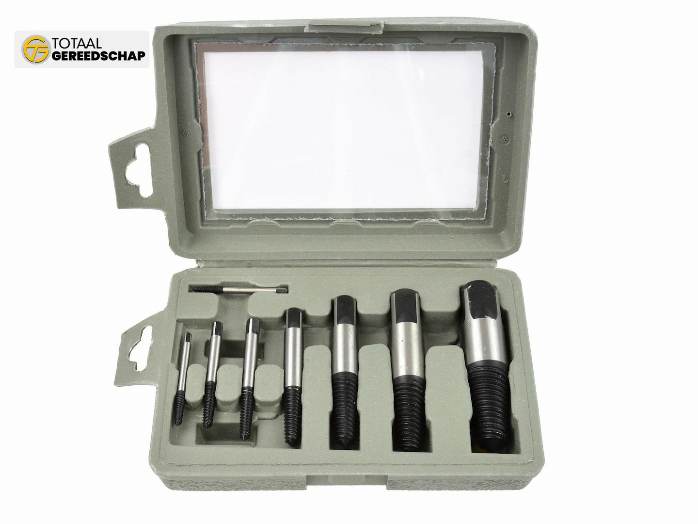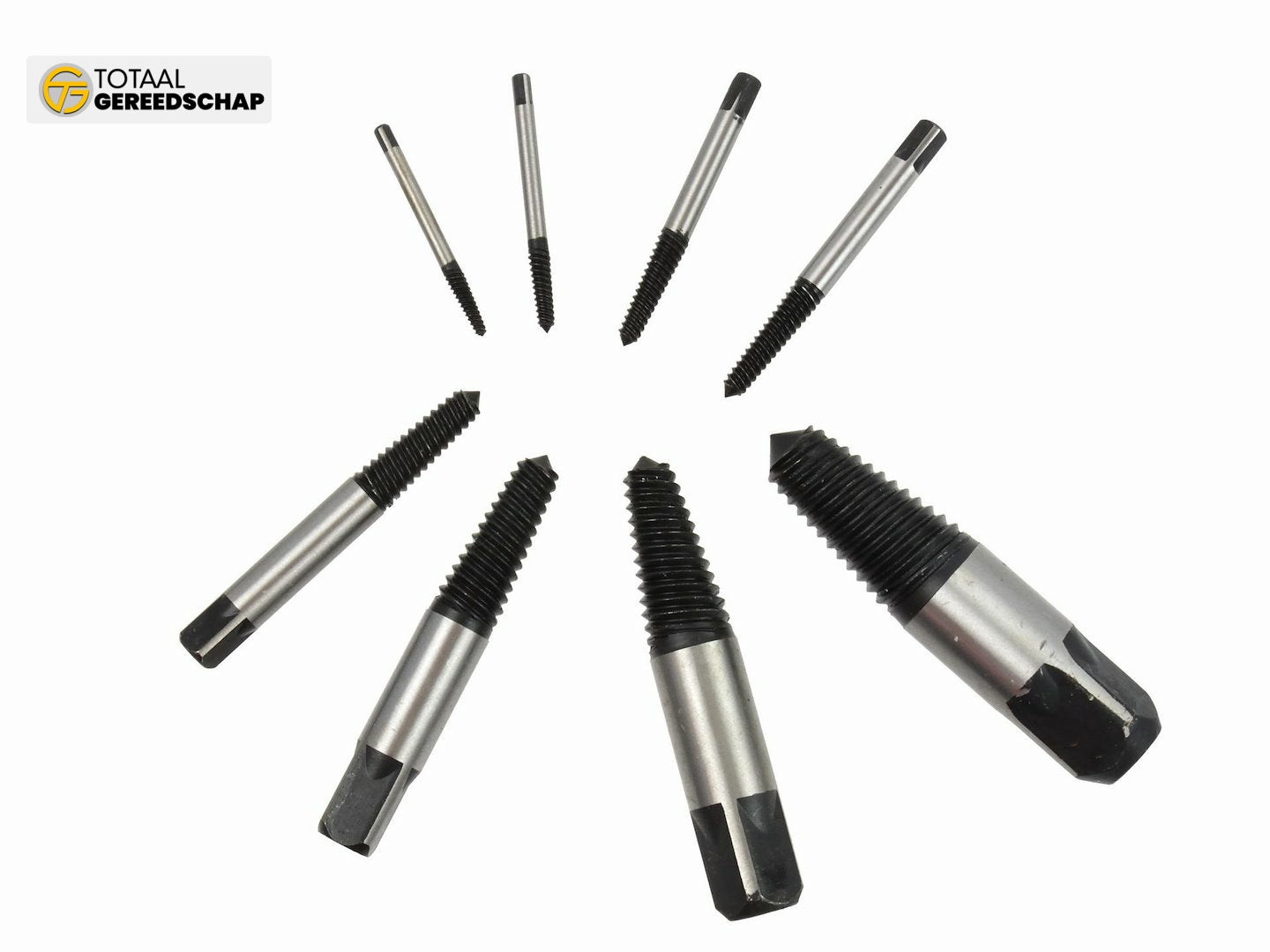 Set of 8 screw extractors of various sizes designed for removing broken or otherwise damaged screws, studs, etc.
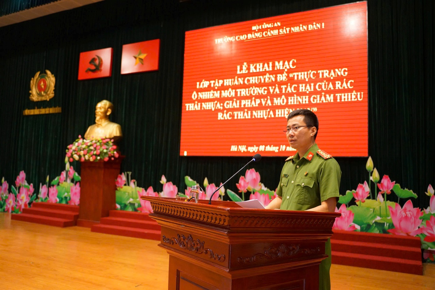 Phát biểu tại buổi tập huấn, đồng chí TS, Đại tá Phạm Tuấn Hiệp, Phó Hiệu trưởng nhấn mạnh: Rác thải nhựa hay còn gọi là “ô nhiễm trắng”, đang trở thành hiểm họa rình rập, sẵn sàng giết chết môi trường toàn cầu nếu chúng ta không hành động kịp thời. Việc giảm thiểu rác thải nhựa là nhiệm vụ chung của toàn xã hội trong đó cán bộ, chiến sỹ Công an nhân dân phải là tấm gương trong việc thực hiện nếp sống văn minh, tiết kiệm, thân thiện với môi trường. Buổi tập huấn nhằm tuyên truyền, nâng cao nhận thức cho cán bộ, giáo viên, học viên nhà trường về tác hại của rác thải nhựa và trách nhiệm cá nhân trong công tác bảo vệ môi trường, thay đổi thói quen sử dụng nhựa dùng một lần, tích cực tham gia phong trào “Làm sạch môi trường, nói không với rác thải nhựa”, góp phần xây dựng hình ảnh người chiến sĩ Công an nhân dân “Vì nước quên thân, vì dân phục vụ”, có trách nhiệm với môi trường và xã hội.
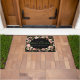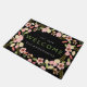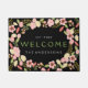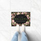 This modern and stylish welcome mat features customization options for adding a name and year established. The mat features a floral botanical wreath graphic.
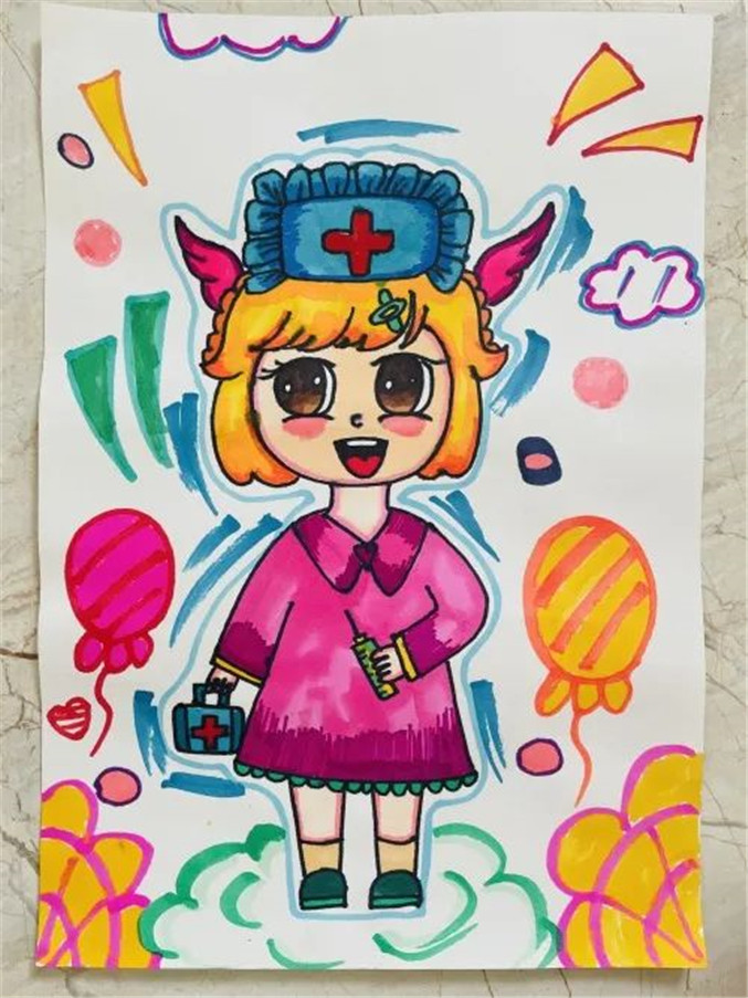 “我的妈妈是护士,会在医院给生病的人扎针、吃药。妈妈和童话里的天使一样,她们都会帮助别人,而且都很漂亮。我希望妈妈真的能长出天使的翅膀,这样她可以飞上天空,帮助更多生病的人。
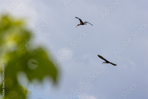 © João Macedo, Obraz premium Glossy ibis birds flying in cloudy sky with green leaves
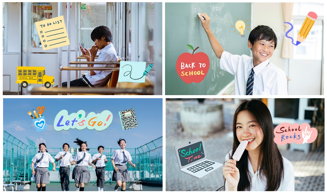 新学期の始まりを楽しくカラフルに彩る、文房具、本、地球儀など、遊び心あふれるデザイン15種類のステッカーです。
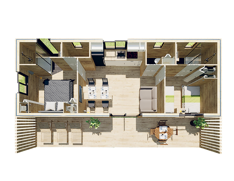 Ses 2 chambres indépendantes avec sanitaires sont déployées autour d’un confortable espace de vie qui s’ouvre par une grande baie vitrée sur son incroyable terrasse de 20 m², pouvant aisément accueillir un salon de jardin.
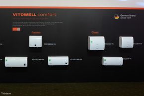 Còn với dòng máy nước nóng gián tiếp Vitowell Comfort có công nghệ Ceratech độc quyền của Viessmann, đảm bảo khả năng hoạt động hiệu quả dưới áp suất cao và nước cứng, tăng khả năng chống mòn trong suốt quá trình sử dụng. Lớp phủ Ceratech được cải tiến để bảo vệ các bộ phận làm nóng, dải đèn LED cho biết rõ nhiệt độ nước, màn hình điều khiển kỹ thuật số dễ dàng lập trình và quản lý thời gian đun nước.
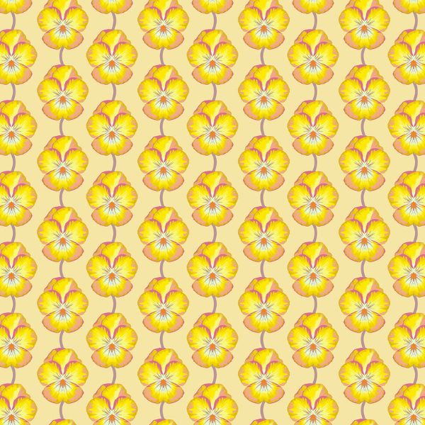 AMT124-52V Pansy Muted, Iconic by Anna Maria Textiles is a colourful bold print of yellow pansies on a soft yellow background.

==

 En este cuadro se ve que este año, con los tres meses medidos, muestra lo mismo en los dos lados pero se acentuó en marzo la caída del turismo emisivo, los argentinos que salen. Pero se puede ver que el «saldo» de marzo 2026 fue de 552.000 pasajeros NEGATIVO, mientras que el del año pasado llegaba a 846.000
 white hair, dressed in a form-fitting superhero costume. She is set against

**WORK INSTRUCTION**.
Please copy out from the data above, without any picture, exactly the lines running from the one that holds "Ses 2 chambres" through the one that holds "AMT124-52V Pansy Muted, Iconic", and nothing beyond them.

**TASK OUTPUT**.
 Ses 2 chambres indépendantes avec sanitaires sont déployées autour d’un confortable espace de vie qui s’ouvre par une grande baie vitrée sur son incroyable terrasse de 20 m², pouvant aisément accueillir un salon de jardin.
 Còn với dòng máy nước nóng gián tiếp Vitowell Comfort có công nghệ Ceratech độc quyền của Viessmann, đảm bảo khả năng hoạt động hiệu quả dưới áp suất cao và nước cứng, tăng khả năng chống mòn trong suốt quá trình sử dụng. Lớp phủ Ceratech được cải tiến để bảo vệ các bộ phận làm nóng, dải đèn LED cho biết rõ nhiệt độ nước, màn hình điều khiển kỹ thuật số dễ dàng lập trình và quản lý thời gian đun nước.
 AMT124-52V Pansy Muted, Iconic by Anna Maria Textiles is a colourful bold print of yellow pansies on a soft yellow background.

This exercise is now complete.